DATASET EXCERPT:
---*---

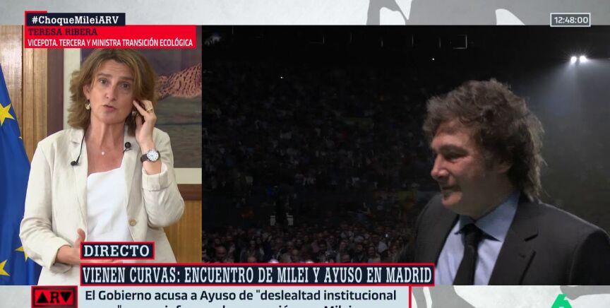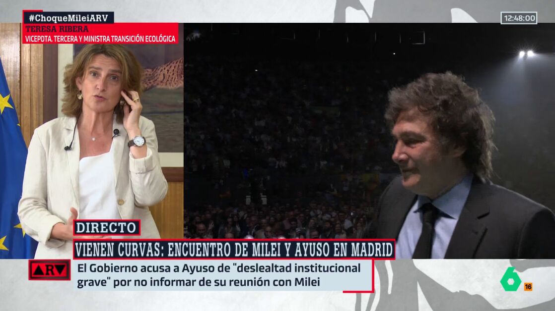 Teresa Ribera ha reaccionado en Al Rojo Vivo a la próxima visita de Javier Milei a España. El presidente de Argentina tiene previsto reunirse con Isabel Díaz Ayuso en Madrid este viernes, y es que ella será la encargada de concederle la Medalla Internacional de la Comunidad de Madrid.
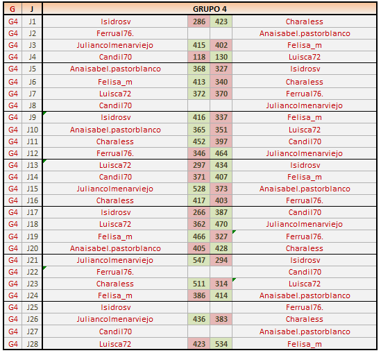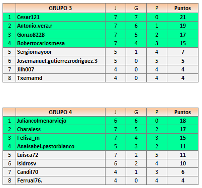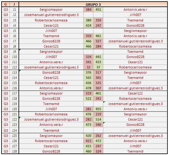 Deja un comentarioEn está página se irán publicando los resultados de las diferentes partidas, siendo ambos jugadores los responsables de subirlos, o comprobando que ya hayan sido subidos, insertando un COMENTARIO en la parte inferior de la pantalla (opción «Deja tu comentario»), indicando el nombre de los dos jugadores y los puntos obtenidos en la partida.
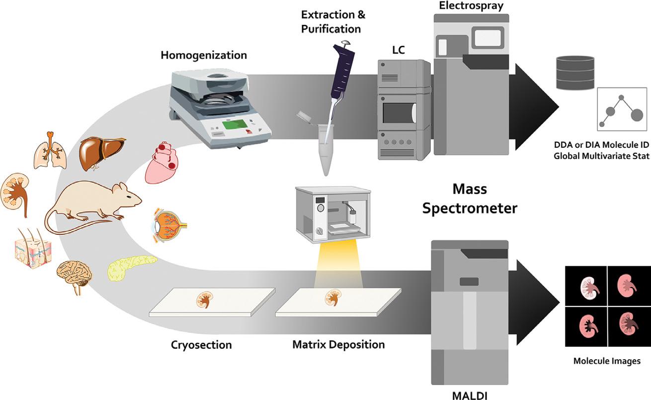FIG. 1.1 A comparison between bulk tissue analysis workflow using electrospray liquid chromatography–mass spectrometer and tissue imaging using matrix-assisted laser desorption/ionization mass spectrometer.
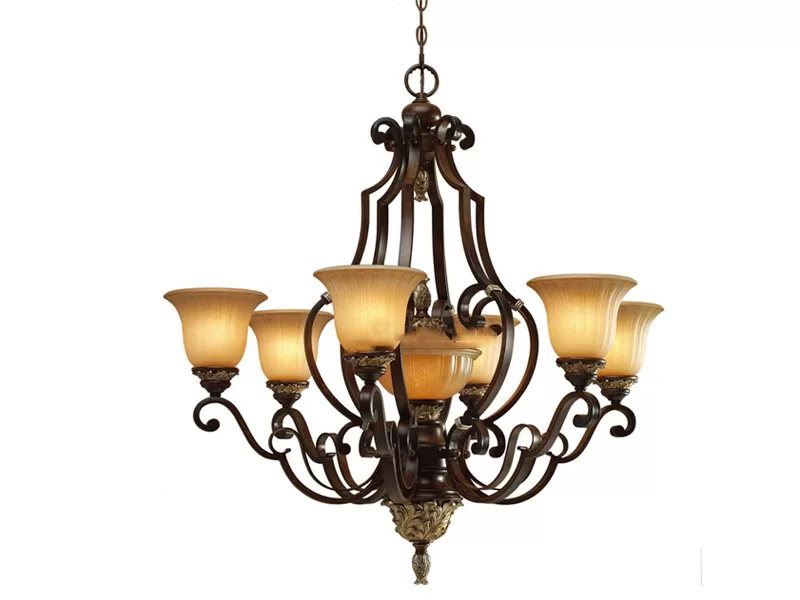 Đèn chùm mã VU020007HB là dòng đèn chùm thiết kế 1 tầng bóng. Đèn sử dụng khung bằng thép cán mỏng thành những đường cong uốn lượn theo đúng hình. Toàn bộ khung thép được sơn lớp sơn cổ màu nâu giống màu gỗ.

---*---

Only the lines from the one with "FIG. 1.1 A comparison" to the last line of the listing, inclusive, are to be set down, exactly as they stand and without pictures.

FIG. 1.1 A comparison between bulk tissue analysis workflow using electrospray liquid chromatography–mass spectrometer and tissue imaging using matrix-assisted laser desorption/ionization mass spectrometer.
 Đèn chùm mã VU020007HB là dòng đèn chùm thiết kế 1 tầng bóng. Đèn sử dụng khung bằng thép cán mỏng thành những đường cong uốn lượn theo đúng hình. Toàn bộ khung thép được sơn lớp sơn cổ màu nâu giống màu gỗ.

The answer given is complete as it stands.